Whether you're an ABC (aunt by choice) or ABR (aunt by relation) there's more that meets the eye than simply becoming the dazzling aunt by default. It's an important role in a child's life that shouldn't be taken lightly.
"Finally, we have a voice. The aunt is often the unsung hero of the family," says Notkin, founder of SavvyAuntie.com. "She mends a scraped knee…she needs tools to cope with that and children look to this adult to discipline them. She's not a grown up playmate."
As aunties all around the land rejoice with acknowledgment, there's finally a community to connect, learn, and grow. In particular if you're an auntie with a little nephew or niece on the way you can get schooled on all things related to your new fabulous family role.
An aunt herself, Notkin created the community to connect and share best practices among both ABC's and ABR's to get information and content. Coining the term PANK – professional aunt, no kids - she says aunts should be respectful that we aren't the parents of our nieces or nephews and we're not replacing the parent. However, as the aunt you have a responsibility to be cognizant of the parents' discipline style. "An important point is to have the discussion so you're not out of line," she says.
Once you dish with the parents you'll have a better understanding as to how they run the household ranging from discipline right down to birthday presents. For instance, if they're strict about gifts you may not want to indulge the child with countless toys. On the other hand, if they're community focused by emphasizing volunteering or forward thinking instead of toys, they may prefer that you do something related to volunteering or contribute to their college fund.
Presents aside, it's important to create a special bond with the child and be cognizant that each child in the family is different. "Really, every child is unique...Creating that bond with the child and that child loving you back with such loyalty and unconditional love – that's the joy!" proclaims Auntie Melanie. Do things with your niece that they don't often do with their parents, such as taking her to get a mani/pedi, going to a special restaurant or providing input on her first prom dress.
Aunts who don't live nearby, that would be LDA's (long-distance aunties), are at a geographical disadvantage in cultivating a nurturing relationship just by nature of the locations. Then, of course another variation of the traditional aunt is the mommy auntie; women who became aunts before they became a mom. LDA's can foster the aunt-niece bond through email, phone calls or even Facebook while mommy auntie's can foster the cousin bond by going on fun family outings such as the zoo or a waterpark. No matter what the unique circumstance, Notkin says, "They never lose the relationship of being the aunt."

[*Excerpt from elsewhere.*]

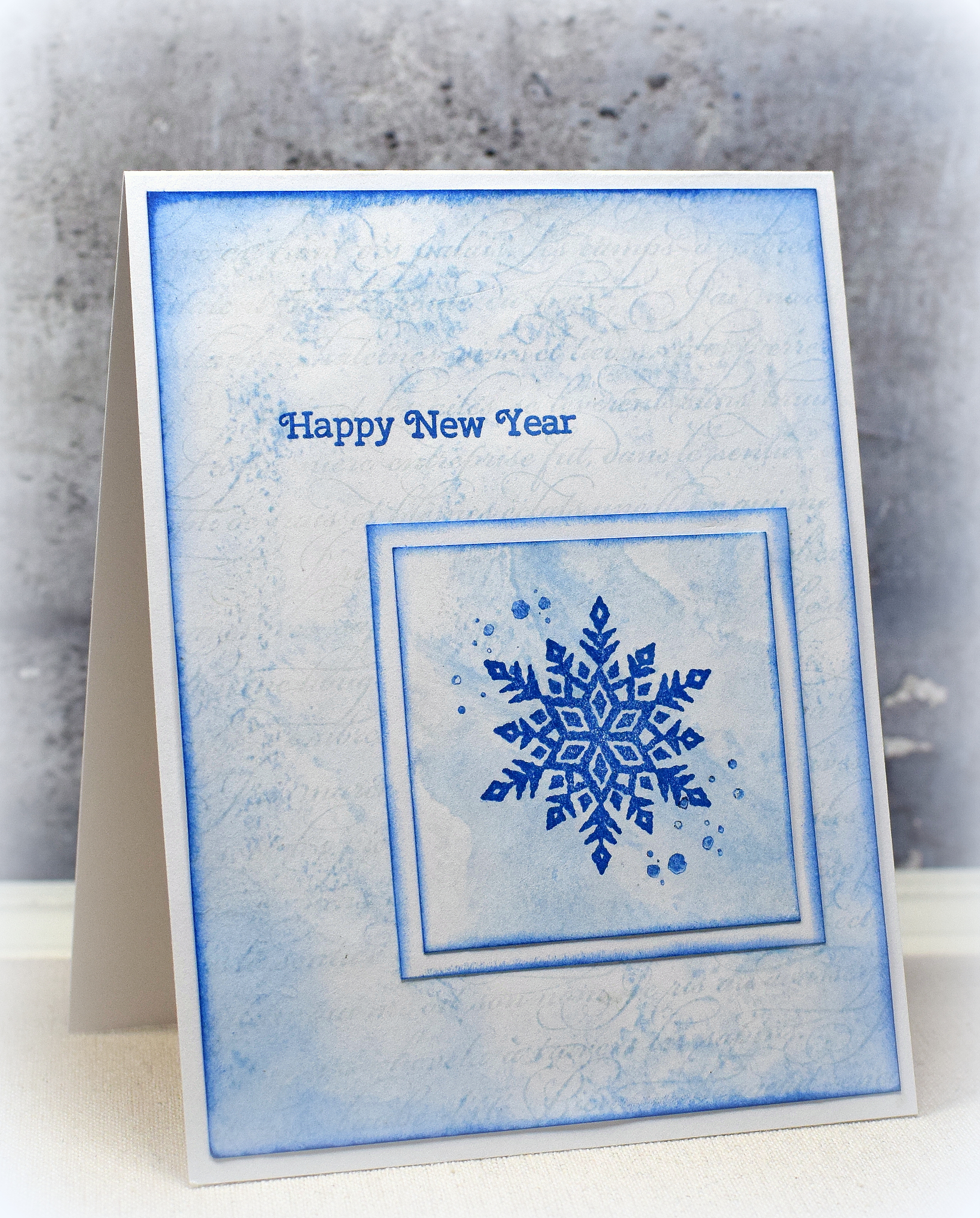 “French Script” from Stampin’ Up (retired) was used behind the “smooshed” background. The splatters are from the SU “Timeless Textures” set. I used Memento Rich Cocoa and Desert Sand or Summer Sky and Blue Danube for these samples.

The aunt also plays an important role in influencing the child. "Maybe you're green and organic and like to give sustainable toys." Or maybe your lifestyle engenders sustainability that your niece or nephew can try to emulate. Regardless of your style, Notkin says the aunt can use her personality to create a stronger bond with the child.
Above all, just as parents realize each of their children is an individual so does the aunt. Notkin notes that every child is unique; the aunt is sometimes the one adult a child feels safe with, the insider in the family with whom secrets are shared. Or she's on the cutting edge, she knows about trends before the kids' parents do. She's not at the PTA meetings but manages to intrinsically know exactly what kids are into. Let's face it, she's cutting edge cool.